Exercise — Each line of the records below needs repeating exactly. Skip the pictures.

Data in this exercise —
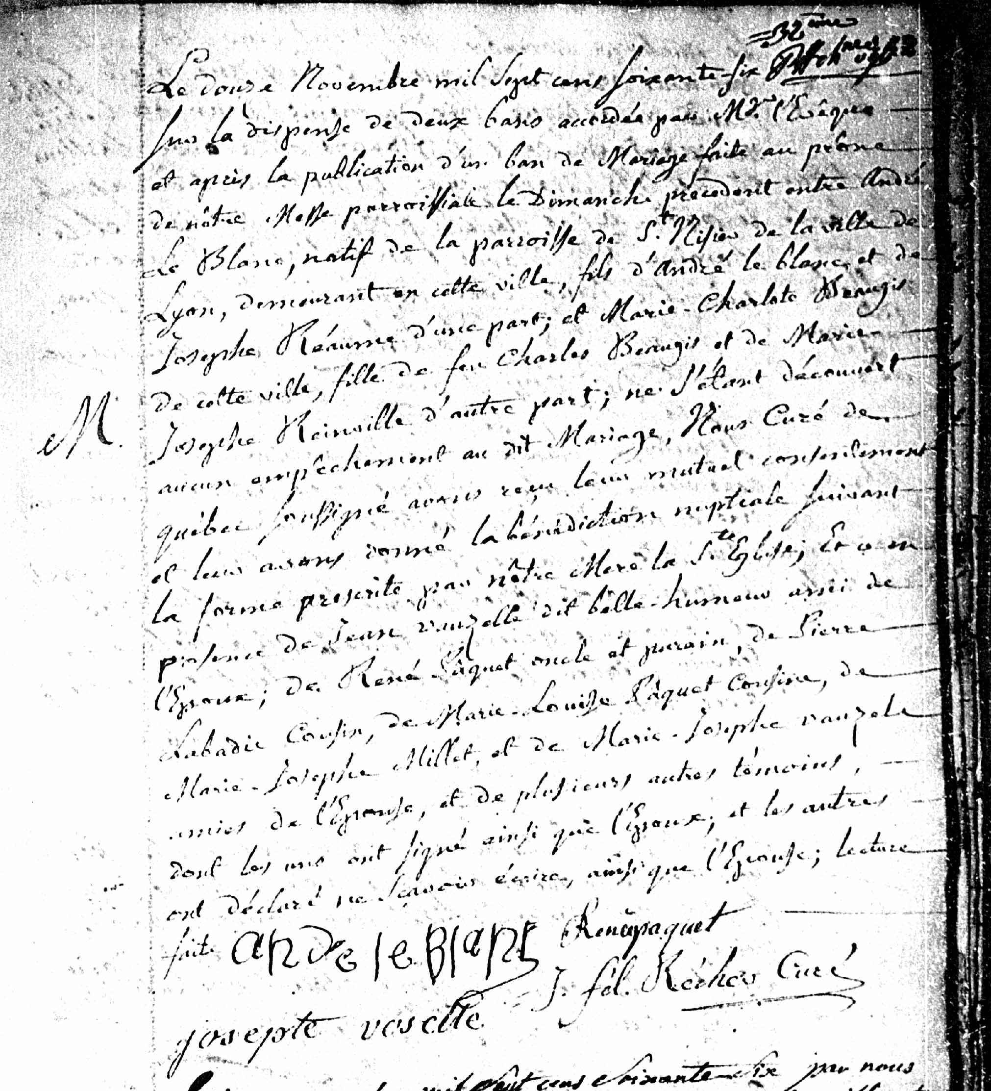 . Elle épouse Sieur André Le Blanc fils de Josèphe Réaume et André Leblanc le 12 novembre 1766 à Notre-Dame, Québec , le mariage est célébré par Jean-Félix Récher 2, 3, 6
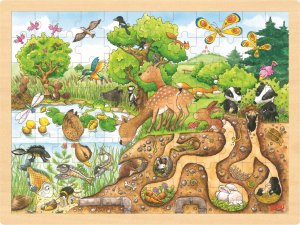 Dětské puzzle ze dřeva s motivem přírody a jejich krás a tajemství.
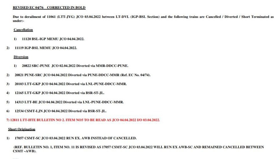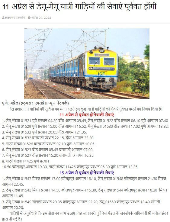“रेलवे 15 एप्रिल से डीजल लोको द्वारा चलाये जानेवाली गाड़ियोंके यात्रिओंसे अतिरिक्त किराया वसूलेगी।”
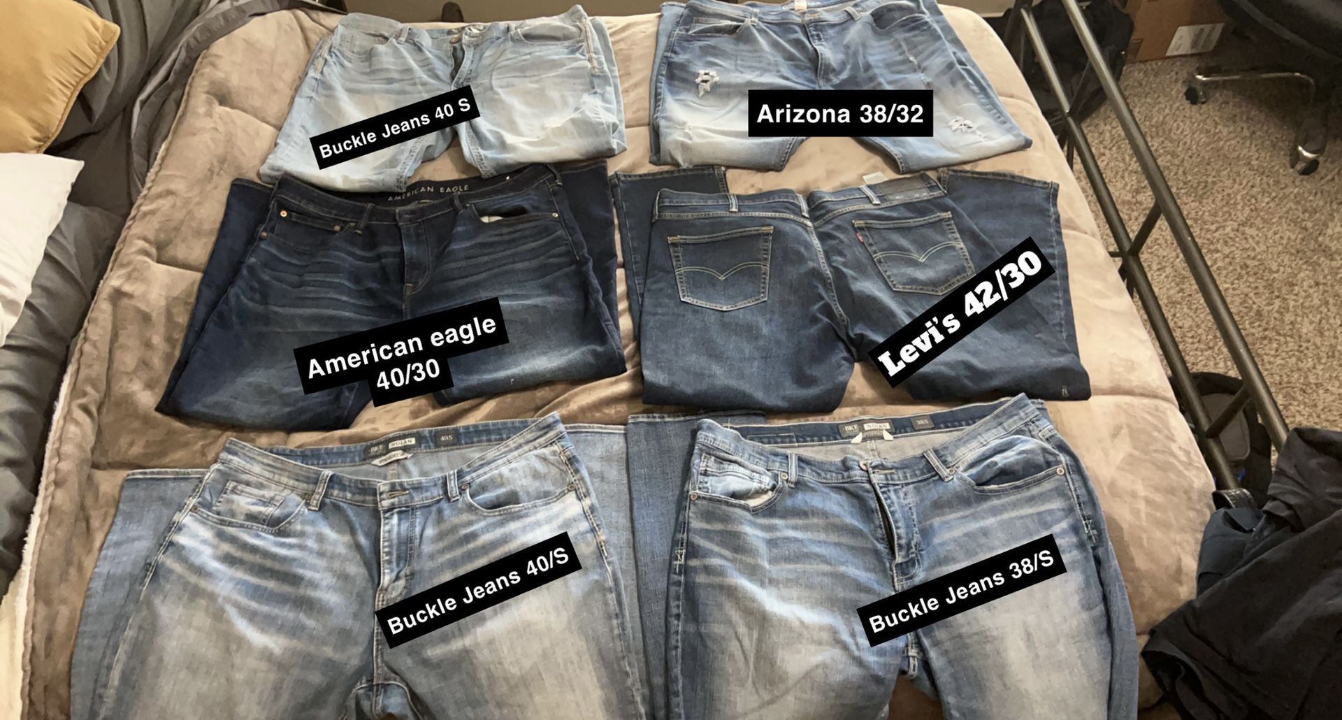 Mens Buckle, Levi’s, American Eagle, Arizona Sizes from 38S 40S 42/30
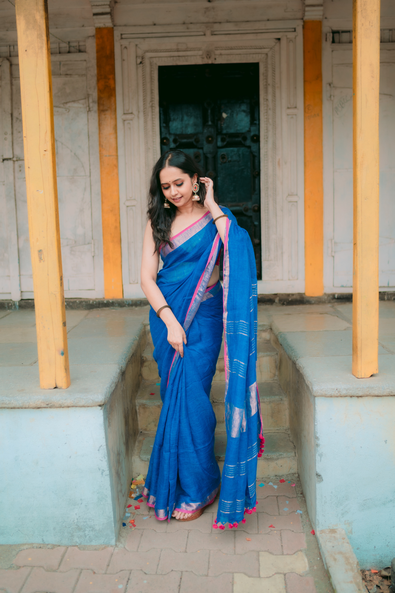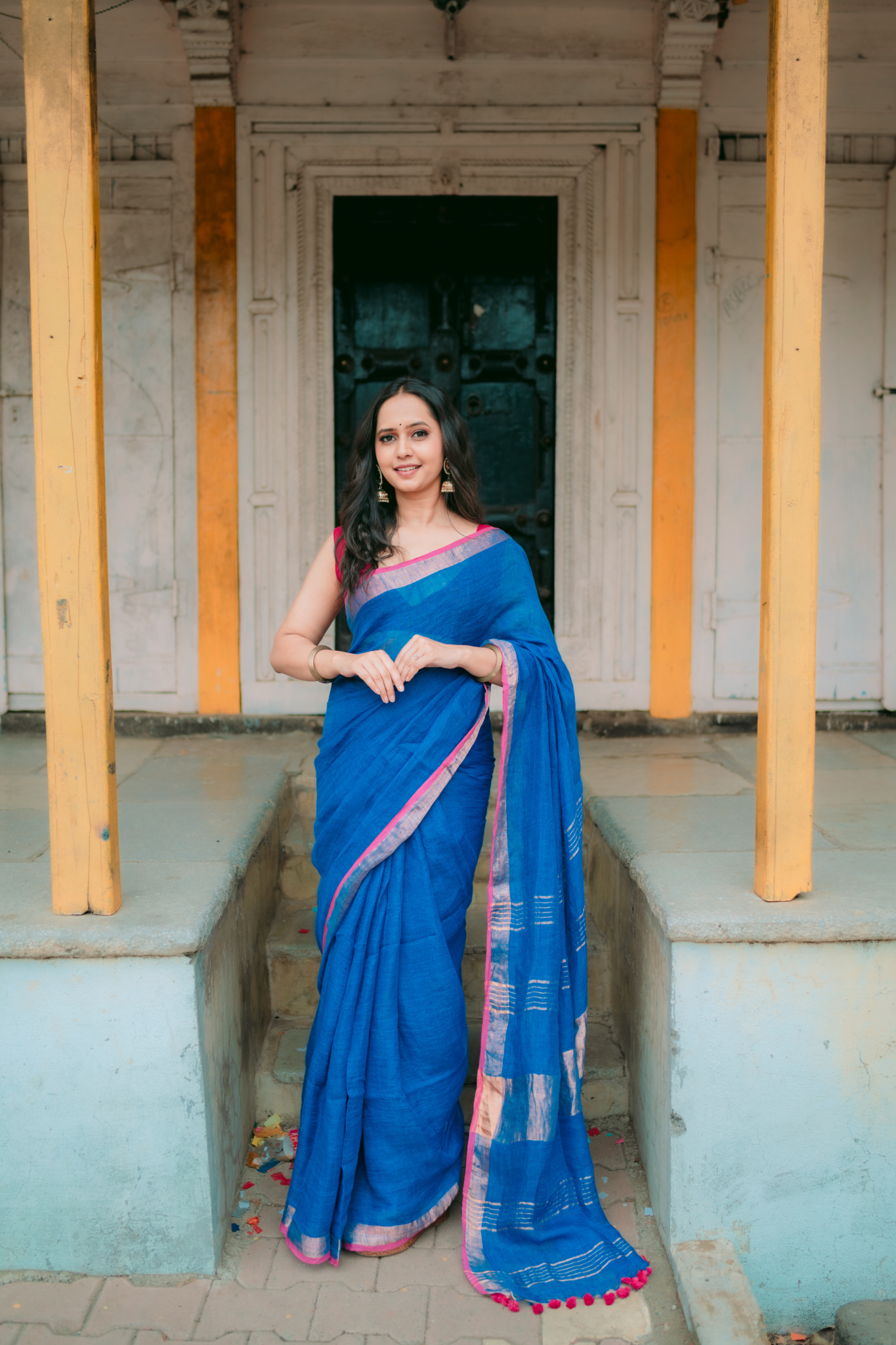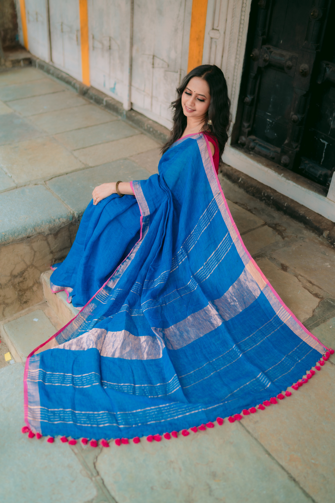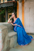 Pure Linen Handwoven Saree - Blue

Task response —
 . Elle épouse Sieur André Le Blanc fils de Josèphe Réaume et André Leblanc le 12 novembre 1766 à Notre-Dame, Québec , le mariage est célébré par Jean-Félix Récher 2, 3, 6
 Dětské puzzle ze dřeva s motivem přírody a jejich krás a tajemství.
“रेलवे 15 एप्रिल से डीजल लोको द्वारा चलाये जानेवाली गाड़ियोंके यात्रिओंसे अतिरिक्त किराया वसूलेगी।”
 Mens Buckle, Levi’s, American Eagle, Arizona Sizes from 38S 40S 42/30
 Pure Linen Handwoven Saree - Blue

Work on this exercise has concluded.